Uniform H-matrix Compression with Applications to Boundary Integral Equations
Kobe Bruyninckx, Daan Huybrechs, Karl Meerbergen
TL;DR
The paper addresses the challenge of storing and operating on dense yet data-sparse matrices arising from boundary integral equations by introducing Uniform $\mathcal{H}$-matrices as a practical middle ground between $\mathcal{H}$- and $\mathcal{H}^2$-matrices.It develops an algebraic compression pipeline that transforms a regular $\mathcal{H}$-matrix into a uniform $\mathcal{H}$-matrix with shared cluster bases, while preserving $\mathcal{O}(N\log N)$ storage and mat-vec complexity and enabling direct construction from entries.The authors provide a log-linear algorithm for computing optimal cluster bases, present error bounds that relate local per-cluster accuracy to global matrix error, and demonstrate substantial memory reductions (roughly 2–4x) with competitive construction and parallel mat-vec performance on Helmholtz BEM problems.These findings indicate that the uniform approach offers a simpler, easier-to-implement alternative to $\mathcal{H}^2$-based methods while delivering meaningful performance gains for large-scale boundary integral computations.
Abstract
Boundary integral equations lead to dense system matrices when discretized, yet they are data-sparse.

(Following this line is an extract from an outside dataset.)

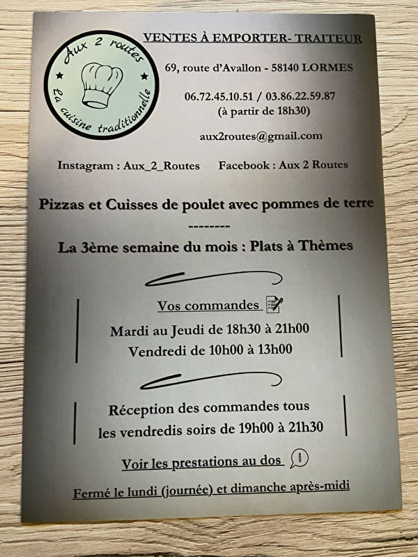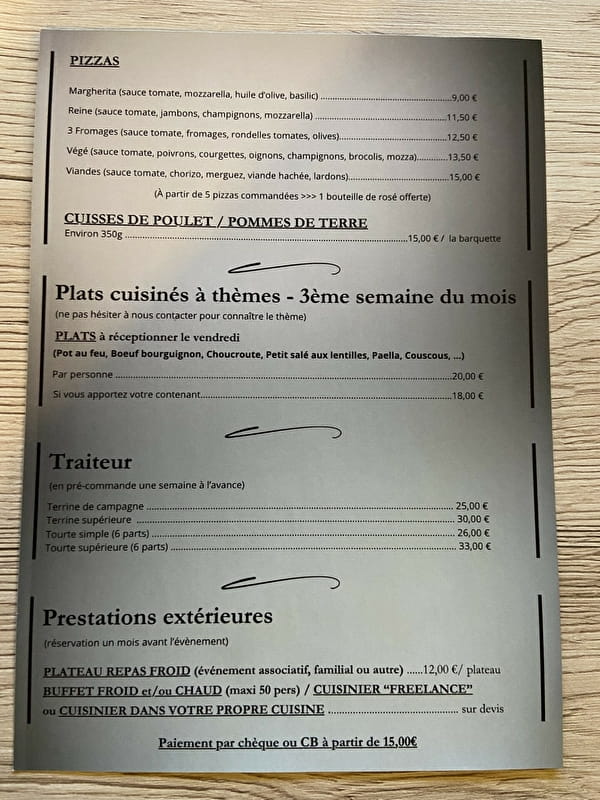 Préparation des plats dans un laboratoire professionnel par un chef cuisinier (35 ans d’expérience) Les plats sont issus de la cuisine traditionnelle (pot-au-feu, bœuf bourguignon, petit salé aux lentilles, coq au vin, couscous etc …) sans oublier les plats rapides (pizzas, poulets / pommes de terre). Très facile d’accès et de stationnement. Les commandes se font uniquement par téléphone ou par mail. Réception des plats les vendredis soirs à partir de 19 h dans un hall de réception (cadre chaleureux avec des arbustes, un petit canapé pour permettre au client de patienter dans les meilleures conditions) jouxtant le laboratoire de production où les clients pourront apercevoir le chef cuisinier en train de confectionner ses plats.
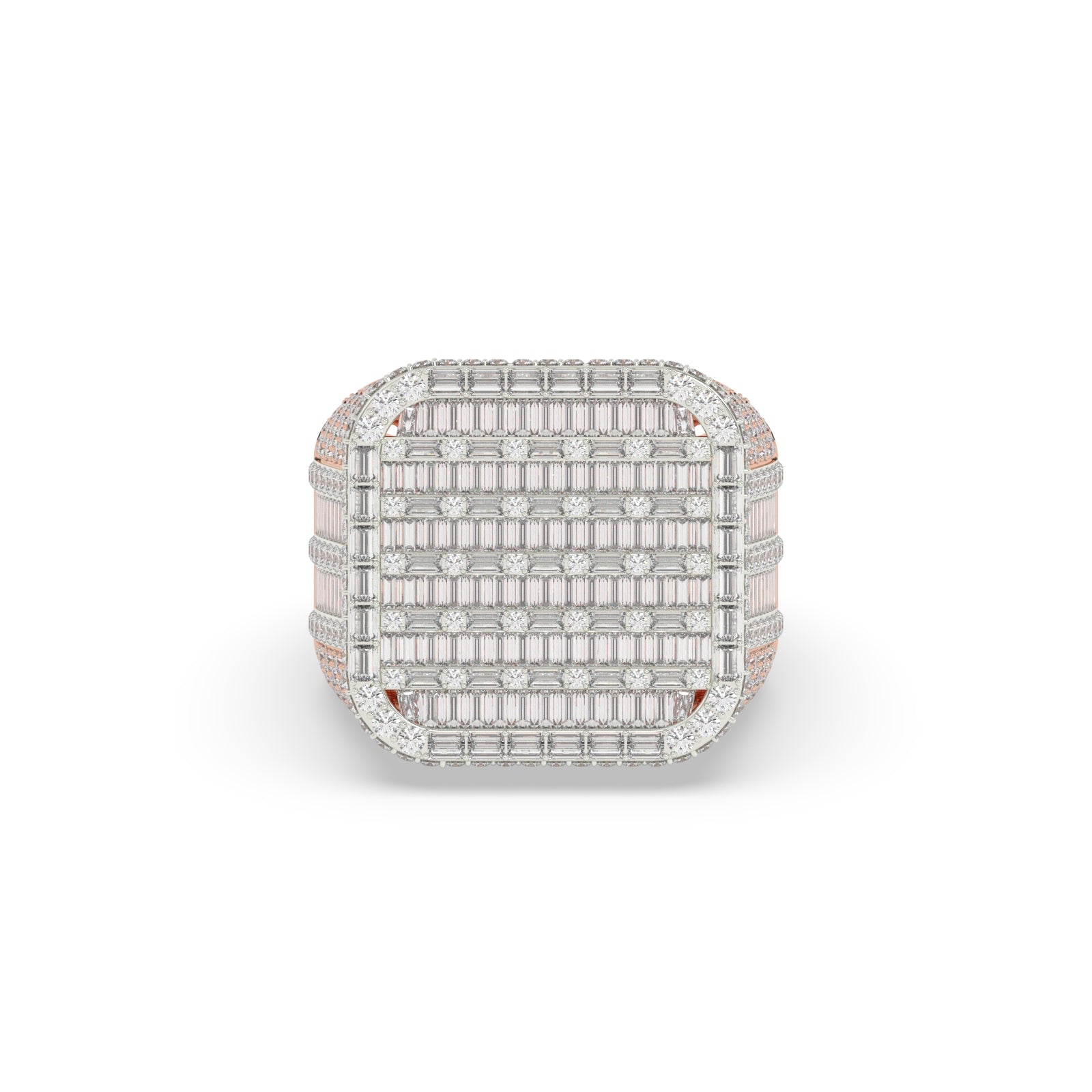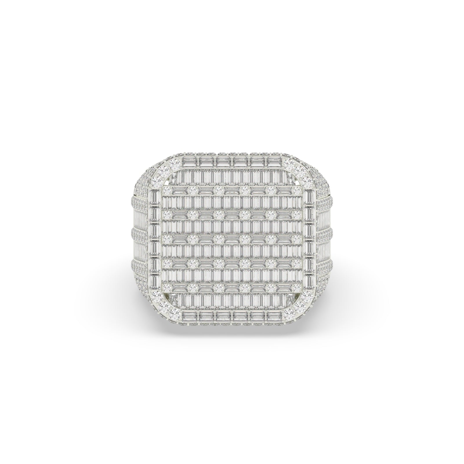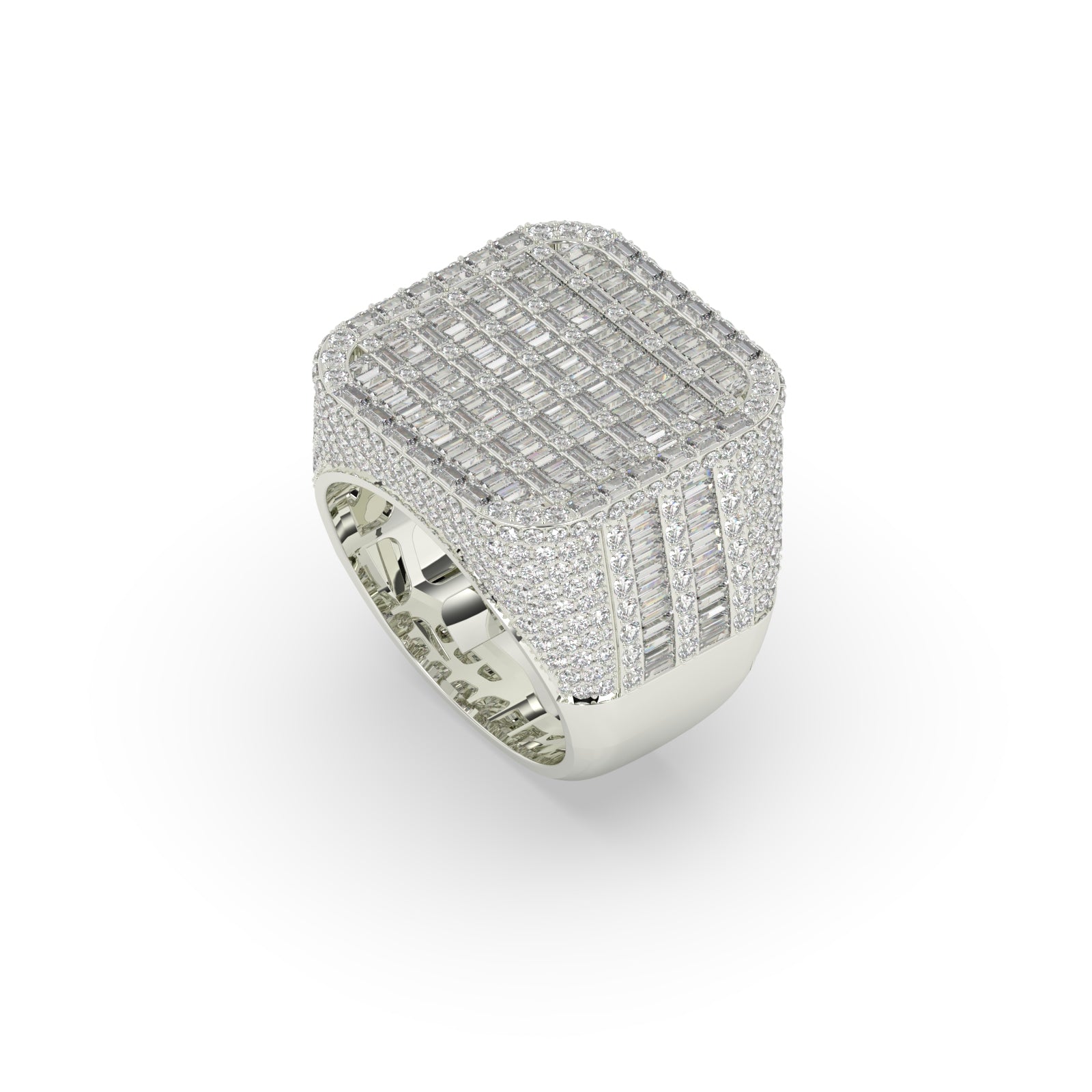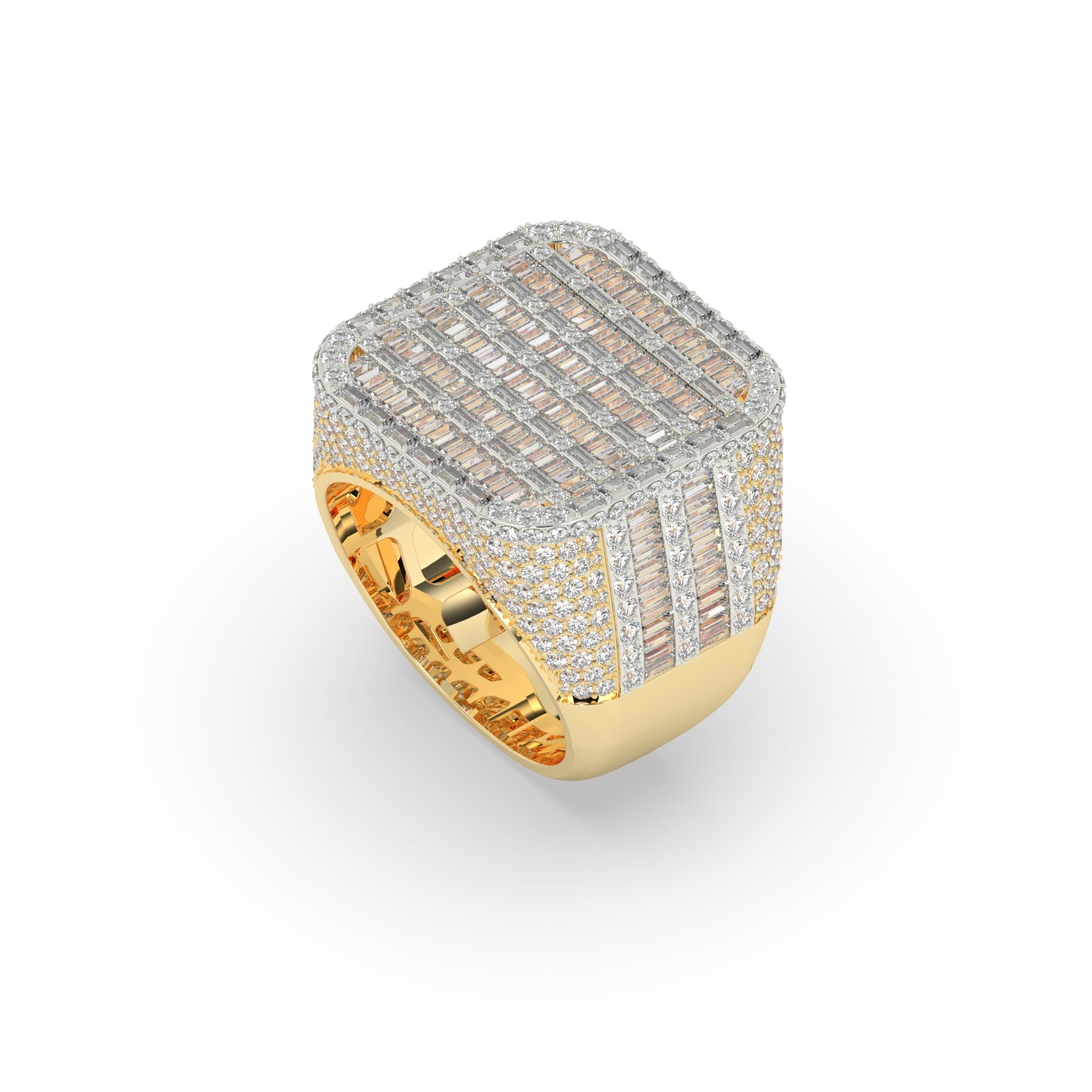 As a stunning addition to any wardrobe, the Empire Grid Baguette Diamond Ring boasts a gross weight of 15.504 grams and a net weight of 14.2 grams. With a diamond weight of 6.52 carats and 530 diamond pieces, this ring is a true showstopper. Measuring 22.00 mm in height and 8.00 mm in width, it is sure to make a statement.

Using the $\mathcal{H}$-matrix format, this sparsity is exploited to achieve $\mathcal{O}(N\log N)$ complexity for storage and multiplication by a vector. This is achieved purely algebraically, based on low-rank approximations of subblocks, and hence the format is also applicable to a wider range of problems. The $\mathcal{H}^2$-matrix format improves the complexity to $\mathcal{O}(N)$ by introducing a recursive structure onto subblocks on multiple levels. However, in many cases this comes with a large proportionality constant, making the $\mathcal{H}^2$-matrix format advantageous mostly for large problems. In this paper we investigate the usefulness of a matrix format that lies in between these two: Uniform $\mathcal{H}$-matrices. An algebraic compression algorithm is introduced to transform a regular $\mathcal{H}$-matrix into a uniform $\mathcal{H}$-matrix, which maintains the asymptotic complexity. Using examples of the BEM formulation of the Helmholtz equation, we show that this scheme lowers the storage requirement and execution time of the matrix-vector product without significantly impacting the construction time.